Your objective: Verbatim output, no pictures: the lines from the beginning of the material through the line with "根据《中华人民共和国土地管理", both ends kept.

Start of Stored data

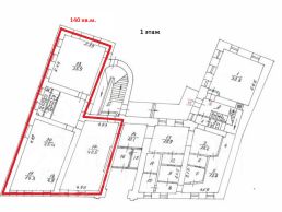 1 этаж - 140 кв.м.(офис), три кабинета + сан. узел и кухня, свободный вход.
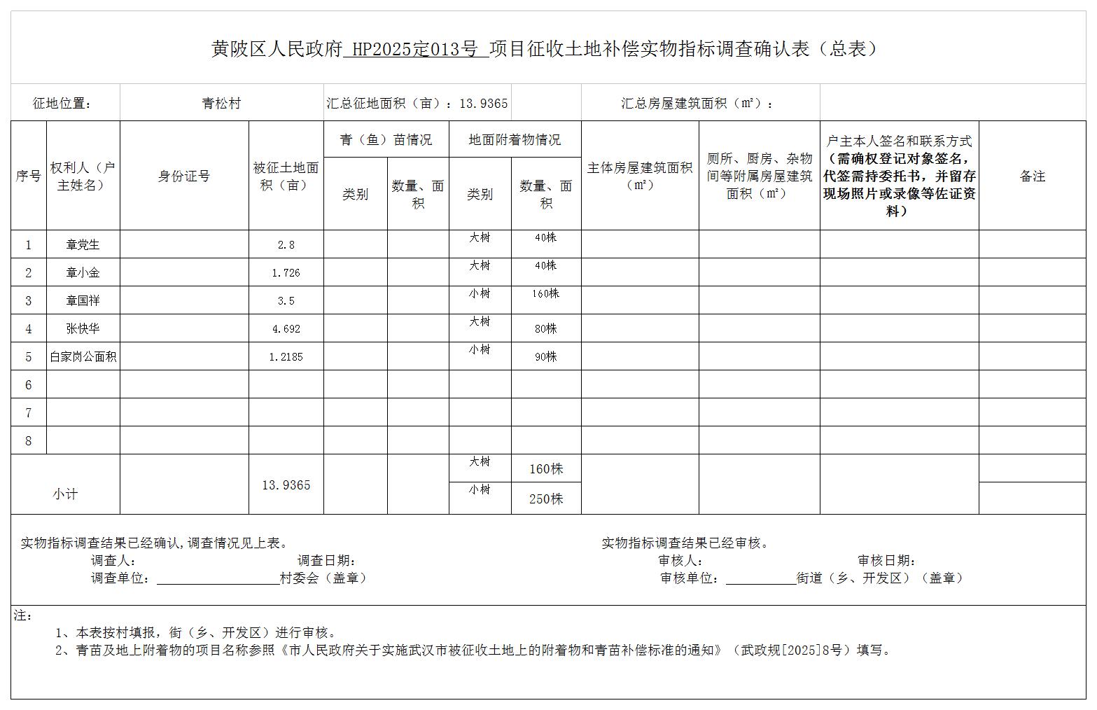 根据《中华人民共和国土地管理法》《中华人民共和国土地管理法实施条例》等法律法规和有关政策规定,结合土地征收预公告(陂土告字〔2026〕016-1号),黄陂区人民政府对拟征收土地的土地现状调查情况,被征地农民参加养老保险调查情况和社会稳定性风险评估情况,黄陂区人民政府组织了征地补偿安置方案,拟对横店街青松村农民集体土地进行征收。现将黄陂区人民政府拟储备地块(HP2025定013号)征地补偿安置方案内容和有关事项公告如下:
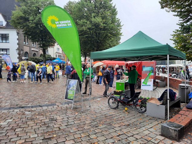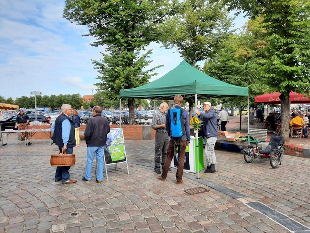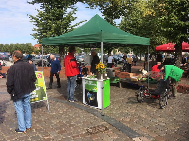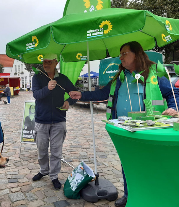 Markttag in Heide. Ab 9:00 Uhr war Hochbetrieb und unser Stand war ein echter Hingucker. Das Abflauen der Corona Pandemie hat die Heider Innenstadt wieder gut gefüllt. Alles scheint im Moment wieder gut. Hoffen wir, dass es so bleibt. Die Heider haben den Stand zwar ausgiebig betrachtet, jedoch war das Nahen des Wahltermins noch nicht bei jedem präsent. Wir werden weiter dabei sein und die Aufmerksamkeit auf die Grünen richten.
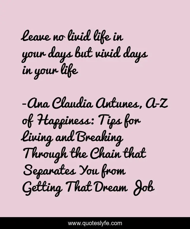 "Ana Claudia Antunes, A-Z of Happiness: Tips for Living and Breaking Through the Chain that Separates You from Getting That Dream Job Quotes." Quoteslyfe.com, 2025. Sun. 07 Dec. 2025. <https://www.quoteslyfe.com/quote/Leave-no-livid-life-in-your-days-97071>.

End of Stored data

Answer below:
 1 этаж - 140 кв.м.(офис), три кабинета + сан. узел и кухня, свободный вход.
 根据《中华人民共和国土地管理法》《中华人民共和国土地管理法实施条例》等法律法规和有关政策规定,结合土地征收预公告(陂土告字〔2026〕016-1号),黄陂区人民政府对拟征收土地的土地现状调查情况,被征地农民参加养老保险调查情况和社会稳定性风险评估情况,黄陂区人民政府组织了征地补偿安置方案,拟对横店街青松村农民集体土地进行征收。现将黄陂区人民政府拟储备地块(HP2025定013号)征地补偿安置方案内容和有关事项公告如下:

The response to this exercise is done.